1950s: Three newly formed Friendship Centres emerge in Canada: the North American Indian Club in Toronto, the Coqualeetza Fellowship Club in Vancouver and the Indian and Métis Friendship Centre in Winnipeg.
1968: Friendship Centres reach a total number of 26 Centres in operation.
1969: Friendship Steering Committee established to examine the feasibility of a national body to represent Friendship Centres.
1971: The National Association of Friendship Centres (NAFC) is incorporated as a not-for-profit organization. The provinces of British Columbia and Ontario form their Provincial Associations of Friendship Centres. The Government of Canada implements the Migrating Native Peoples (MNP). Friendship Centres grow to a total of 43 centres in operation.
1973: The NAFC opens its new office in Ottawa.
1976: A study conducted by an independent consultant, CANACT Services, found that social service agencies were referring Indigenous people to FCs and that FCs did not have adequate financial resources or capacity to be able to embrace the responsibilities.
1983: The NAFC and the Department of the Secretary of State (DSOS) successfully negotiated the evolution of the MNP to an enriched Native Friendship Centre Program (NFCP).
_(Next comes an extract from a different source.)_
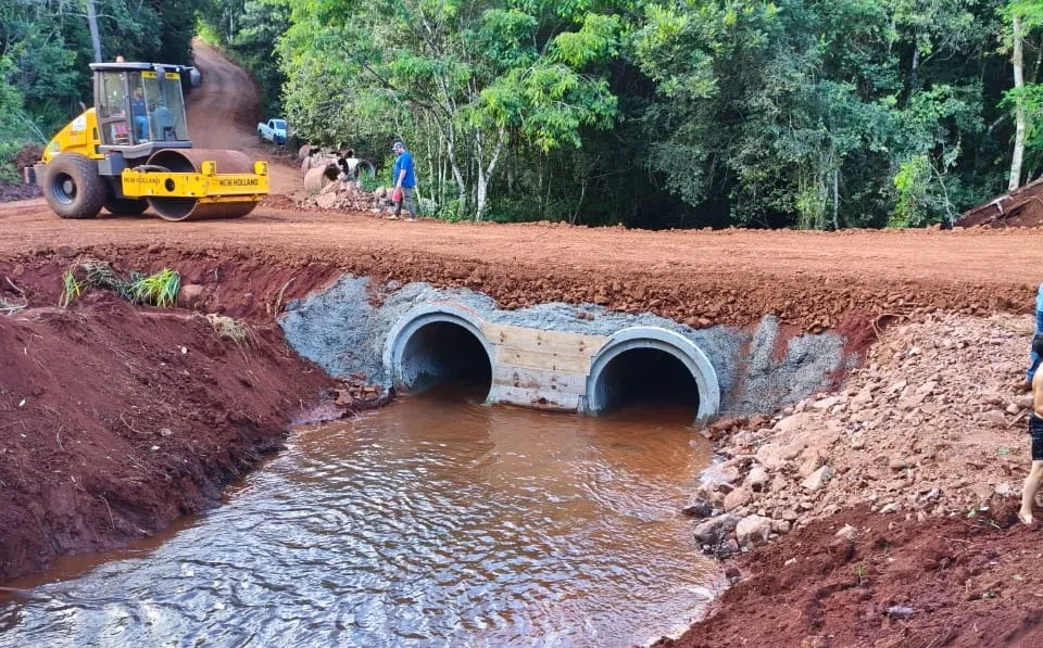 Para a execução da obra, foram utilizadas 20 manilhas de concreto, com 1,5 metro de diâmetro, garantindo maior resistência, segurança e durabilidade à estrutura. O investimento total foi de R$ 32.700,00, sendo R$ 19.700,00 destinados à aquisição das manilhas, R$ 3.000,00 aplicados em concreto e aproximadamente R$ 10.000,00 em cascalho e demais serviços, com recursos próprios do município.

Friendship Centres evolve to become front line work and grow to a total of 80 centres in operation.
1988: The NFCP becomes the Aboriginal Friendship Centre Program (AFCP), which secured the status of the permanent funding from DSOS. Operations and programs are now run autonomously.
1996: The Department of Canadian Heritage (PCH), formerly DSOS, transfers administrative responsibility of the AFCP to the NAFC. This transfer signified a new era in Indigenous/Government relations and to this day, highlights a unique relationship with the Government of Canada.
2001: The NAFC renews AFCP transfer agreement between PCH and NAFC.
2012: The number of Friendship Centre’s reaches 117 centres in operation.
2014: Urban Aboriginal Strategy (UAS) is announced as a new funding agreement and aims to support the participation of Indigenous peoples in the Canadian Economy.
2017: In May of 2017, the Urban Programming for Indigenous Peoples (UPIP) replaces the Previous UAS program after feedback received during engagement held in 2016.
2021: There are 125 active Friendship Centres and 7 Provincial/Territorial Associations.